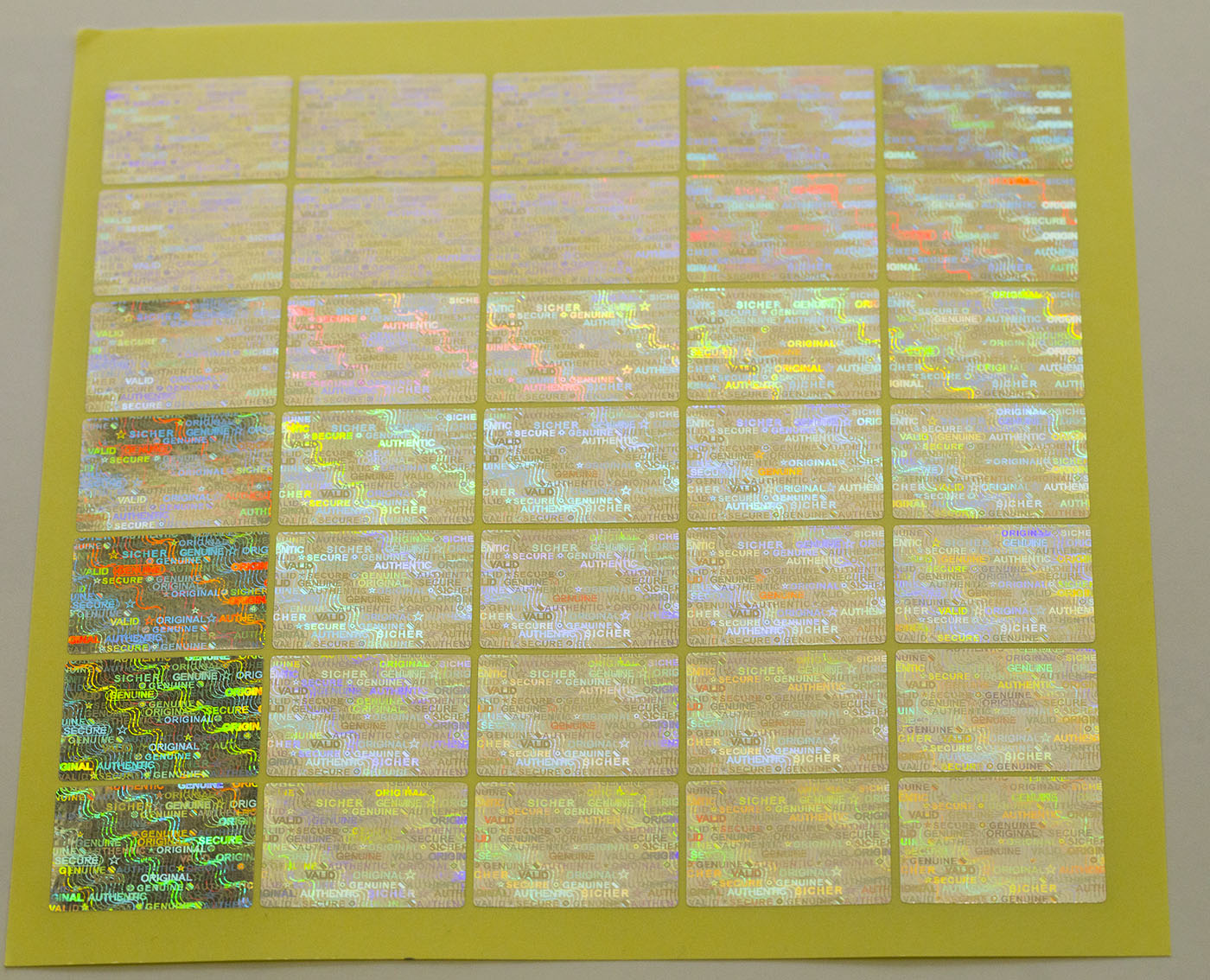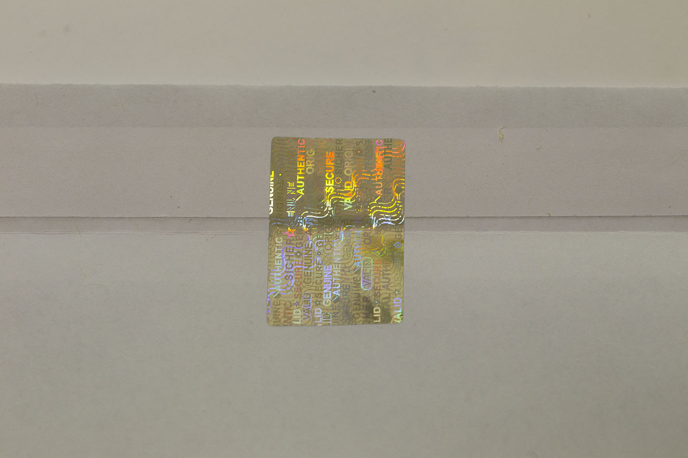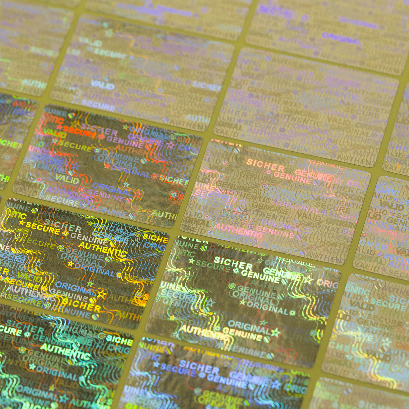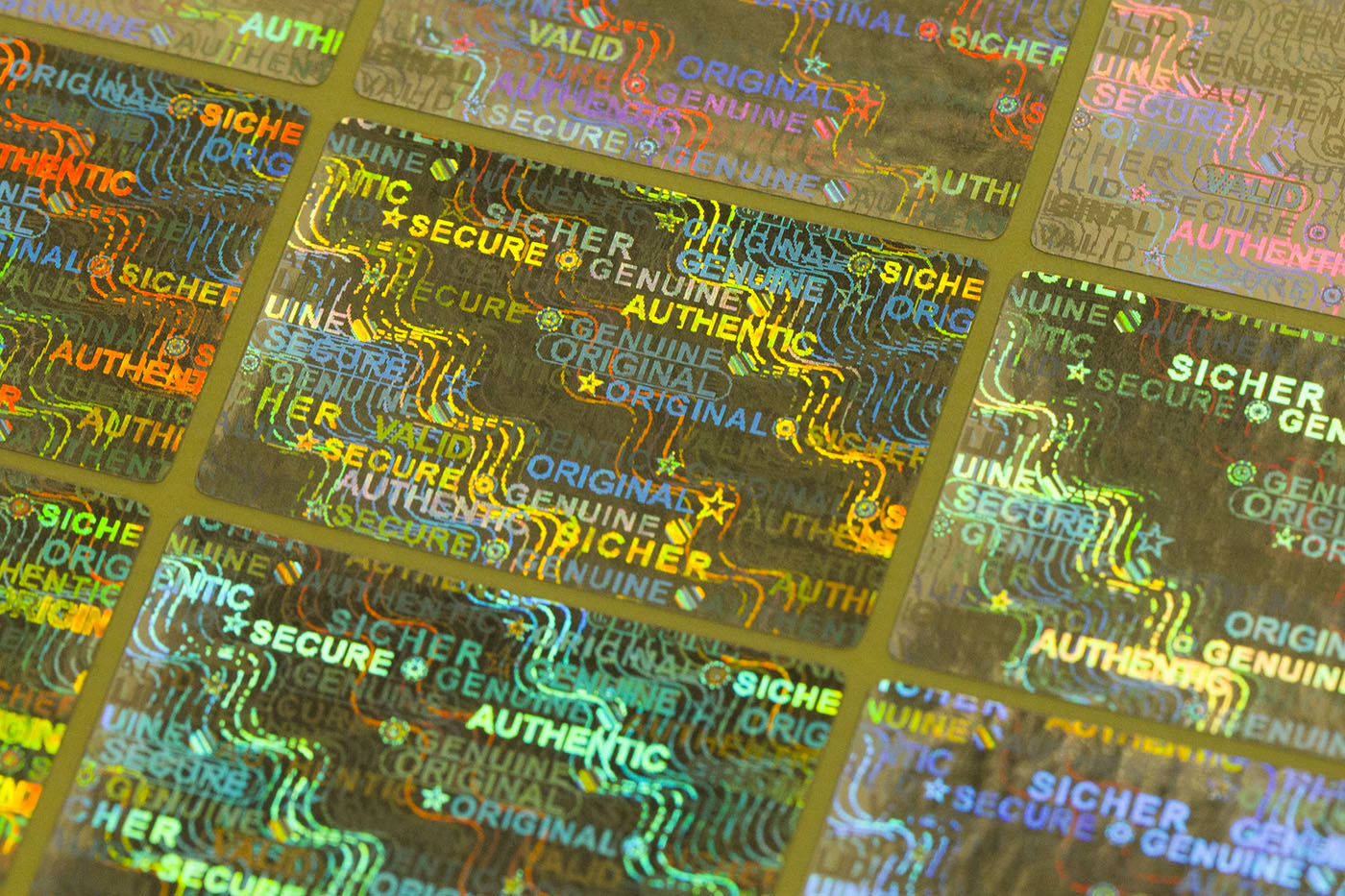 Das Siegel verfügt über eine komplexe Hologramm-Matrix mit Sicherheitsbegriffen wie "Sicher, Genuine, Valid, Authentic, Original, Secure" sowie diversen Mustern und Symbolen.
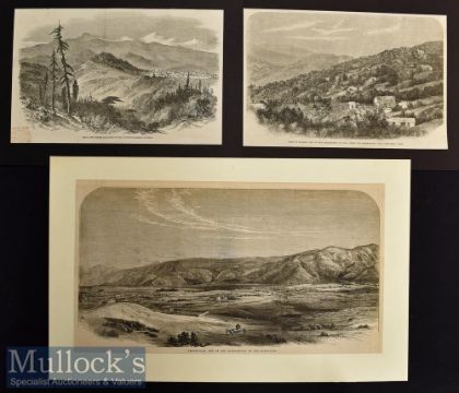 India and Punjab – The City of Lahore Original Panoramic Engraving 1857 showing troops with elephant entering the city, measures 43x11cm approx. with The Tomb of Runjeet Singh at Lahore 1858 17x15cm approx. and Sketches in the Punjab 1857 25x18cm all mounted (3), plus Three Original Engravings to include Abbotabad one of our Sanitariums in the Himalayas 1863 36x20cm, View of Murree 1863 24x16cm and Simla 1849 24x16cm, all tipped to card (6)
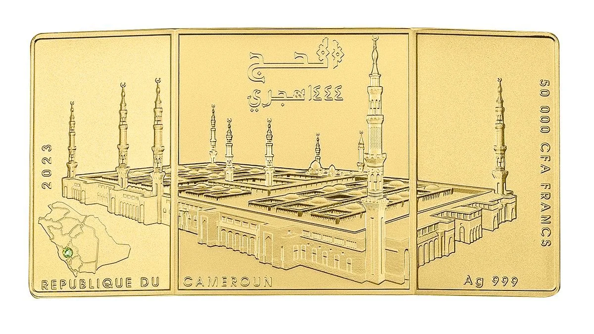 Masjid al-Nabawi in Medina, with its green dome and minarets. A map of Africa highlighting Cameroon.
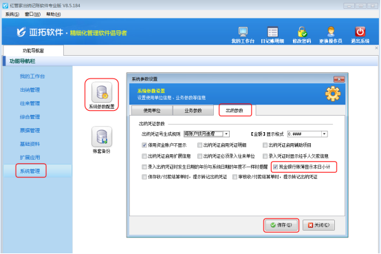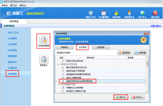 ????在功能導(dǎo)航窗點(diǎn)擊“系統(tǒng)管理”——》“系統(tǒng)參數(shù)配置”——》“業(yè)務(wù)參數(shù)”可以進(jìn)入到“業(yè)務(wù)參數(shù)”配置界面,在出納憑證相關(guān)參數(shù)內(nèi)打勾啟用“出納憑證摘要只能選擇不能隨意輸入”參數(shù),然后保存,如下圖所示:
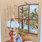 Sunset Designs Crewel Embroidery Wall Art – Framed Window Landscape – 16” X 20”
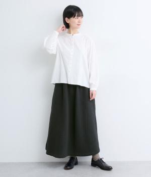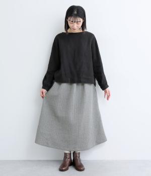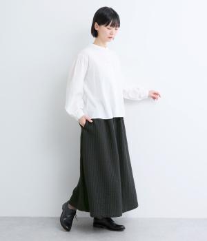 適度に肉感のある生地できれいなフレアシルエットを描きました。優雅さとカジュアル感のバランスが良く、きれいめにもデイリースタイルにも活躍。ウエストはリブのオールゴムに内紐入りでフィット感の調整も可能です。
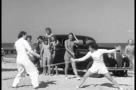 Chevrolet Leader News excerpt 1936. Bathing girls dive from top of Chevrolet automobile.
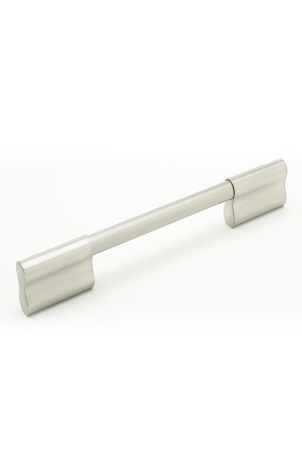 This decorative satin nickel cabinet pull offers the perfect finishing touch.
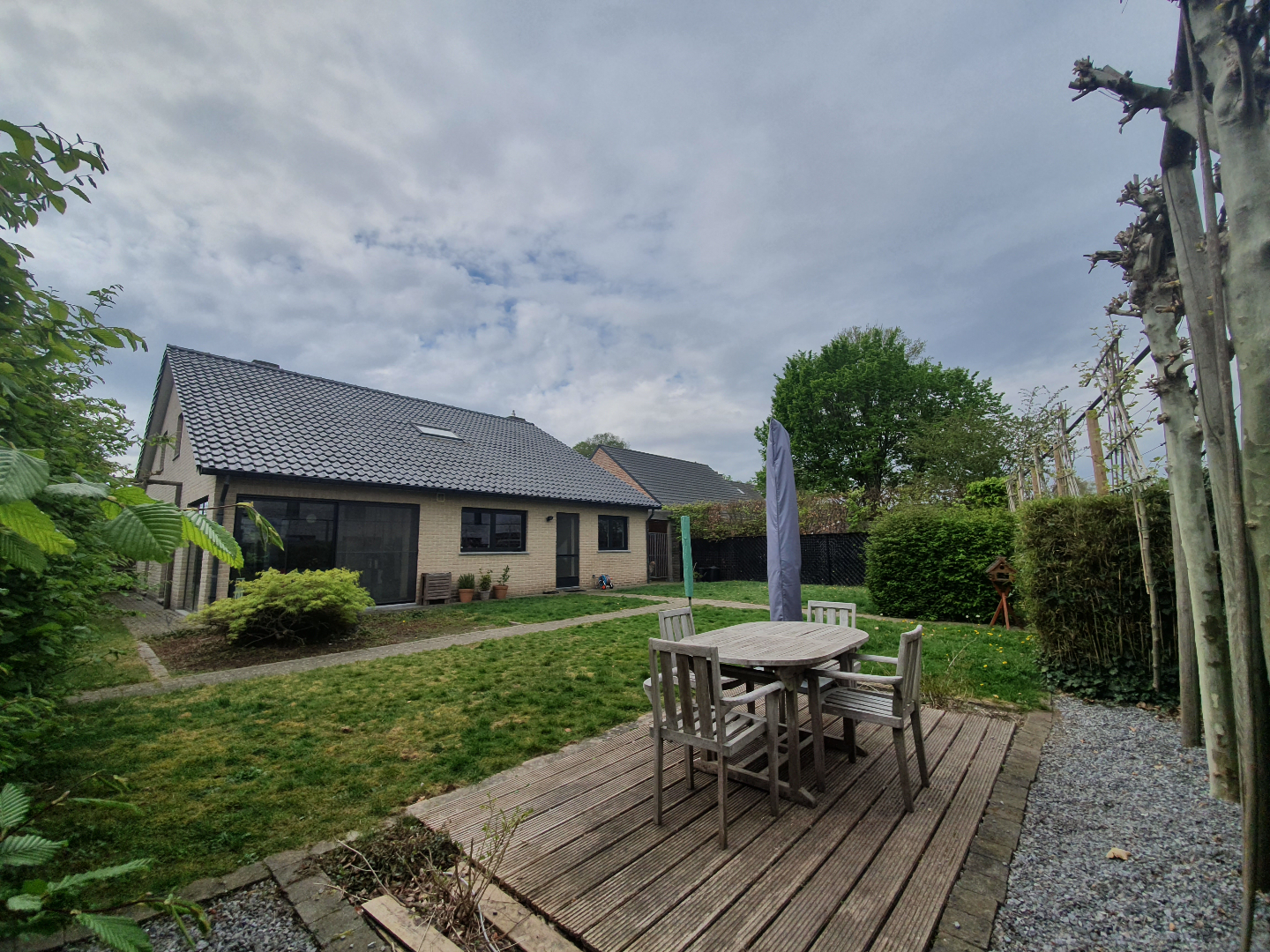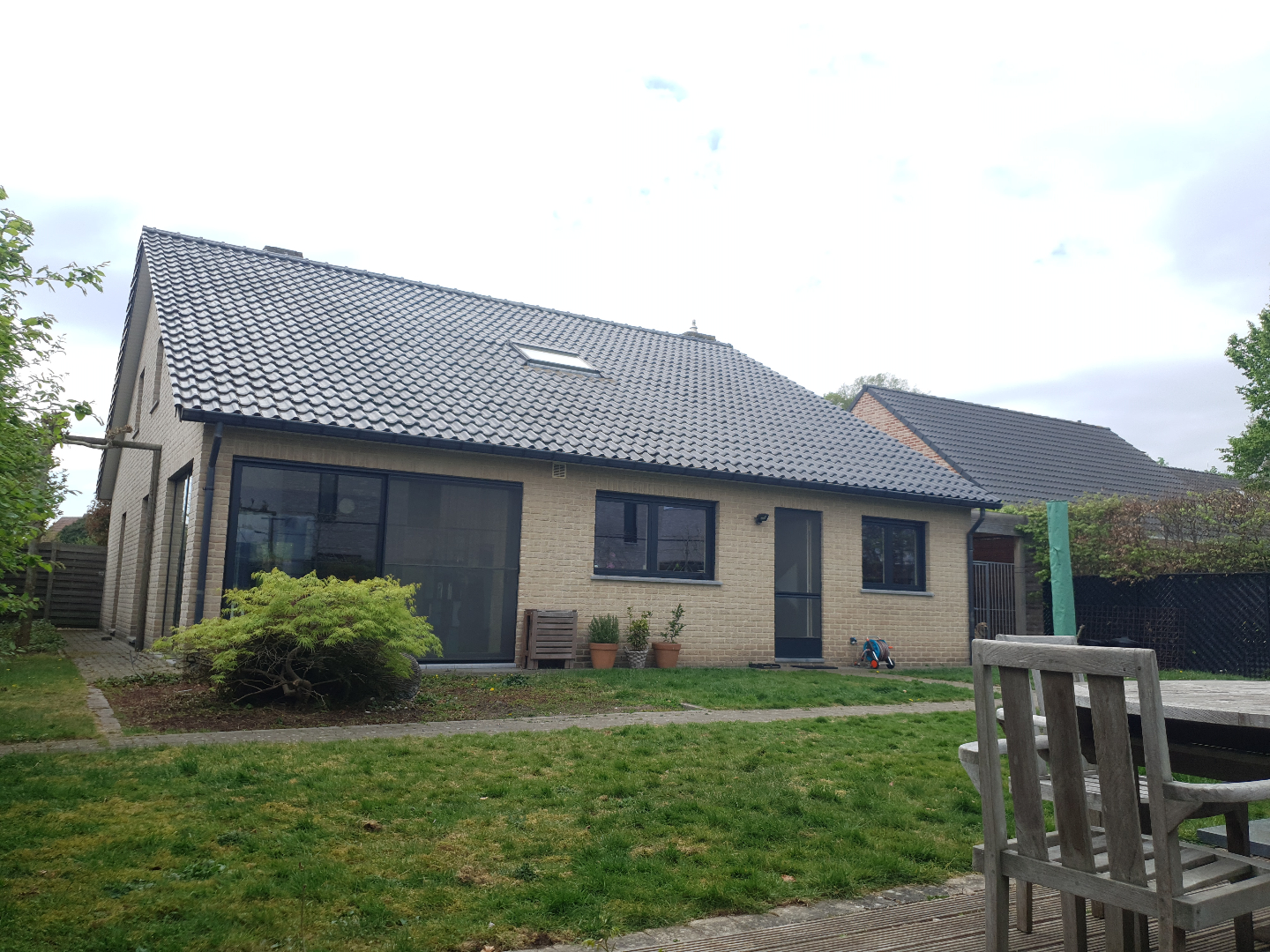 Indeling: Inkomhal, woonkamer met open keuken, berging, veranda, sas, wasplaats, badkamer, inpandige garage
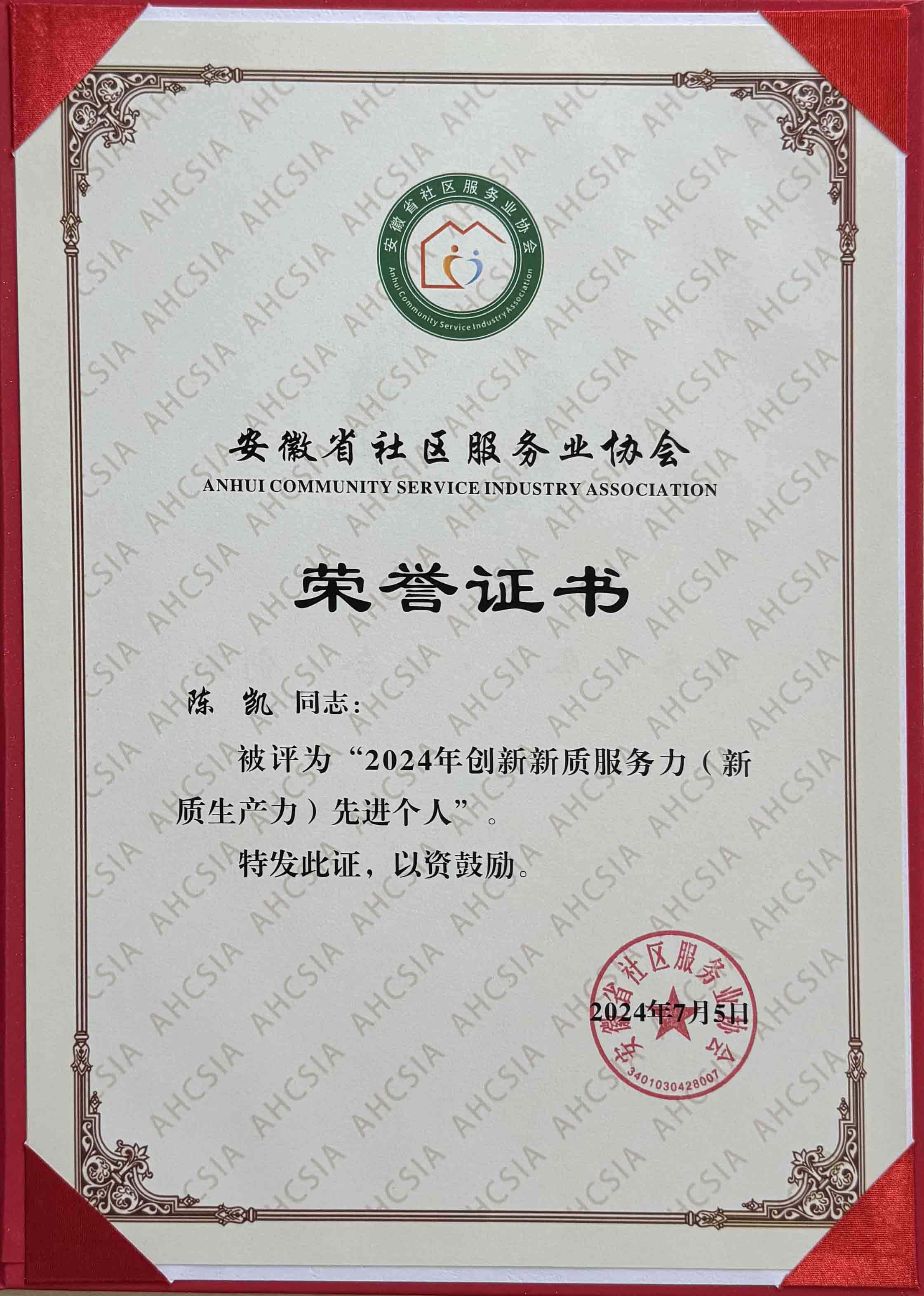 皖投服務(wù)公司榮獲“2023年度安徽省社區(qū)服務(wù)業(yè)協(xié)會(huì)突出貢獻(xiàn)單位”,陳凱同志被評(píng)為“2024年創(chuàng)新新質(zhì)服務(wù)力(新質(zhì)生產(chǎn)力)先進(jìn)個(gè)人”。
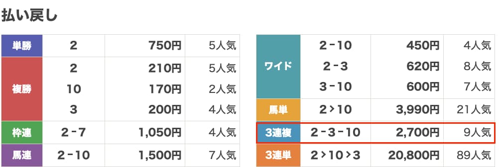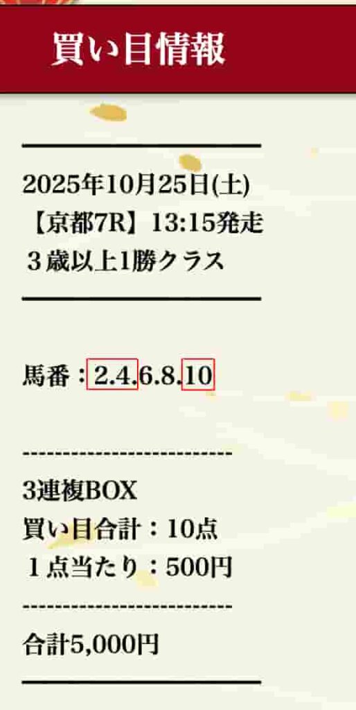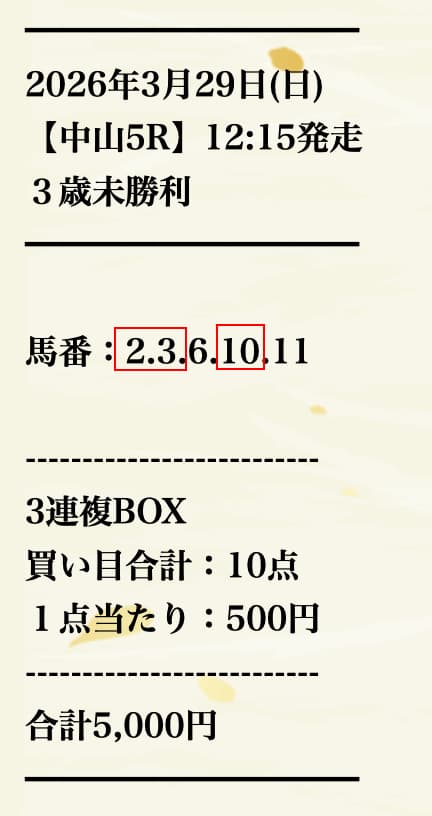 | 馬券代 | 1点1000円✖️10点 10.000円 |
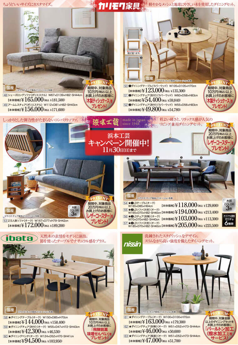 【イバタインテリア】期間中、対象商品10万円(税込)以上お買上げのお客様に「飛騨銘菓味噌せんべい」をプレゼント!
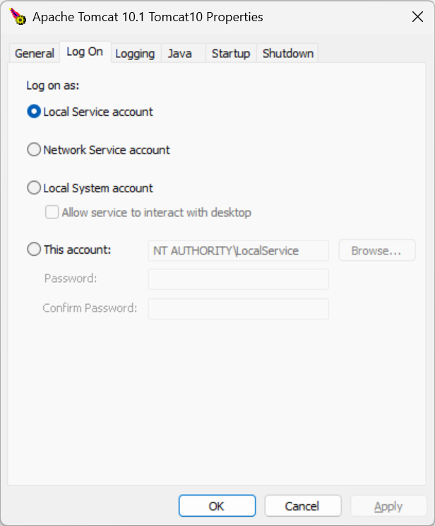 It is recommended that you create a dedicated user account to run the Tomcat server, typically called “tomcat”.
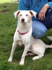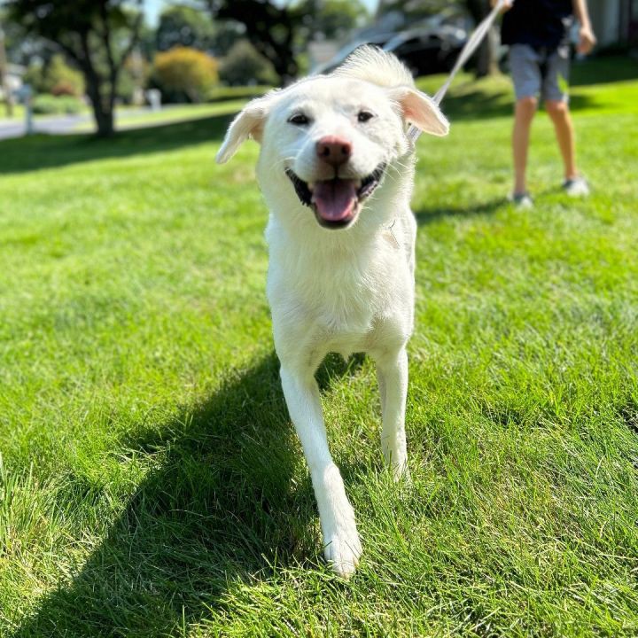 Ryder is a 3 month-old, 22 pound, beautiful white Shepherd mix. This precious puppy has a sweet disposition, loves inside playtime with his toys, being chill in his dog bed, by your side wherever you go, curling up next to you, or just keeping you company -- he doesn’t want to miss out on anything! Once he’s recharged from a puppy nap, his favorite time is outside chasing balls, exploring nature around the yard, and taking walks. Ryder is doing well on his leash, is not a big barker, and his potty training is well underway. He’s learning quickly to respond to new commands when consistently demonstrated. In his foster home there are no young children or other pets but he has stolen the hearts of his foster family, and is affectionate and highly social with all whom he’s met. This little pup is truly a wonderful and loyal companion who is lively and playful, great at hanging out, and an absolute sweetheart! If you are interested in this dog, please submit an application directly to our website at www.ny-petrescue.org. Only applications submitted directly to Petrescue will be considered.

......

Having found the line with "1点1000円✖️10点 10.000円 |" and the line with "It is recommended" in the material above, write out exactly those two and every line between, leaving the pictures out.

 | 馬券代 | 1点1000円✖️10点 10.000円 |
 【イバタインテリア】期間中、対象商品10万円(税込)以上お買上げのお客様に「飛騨銘菓味噌せんべい」をプレゼント!
 It is recommended that you create a dedicated user account to run the Tomcat server, typically called “tomcat”.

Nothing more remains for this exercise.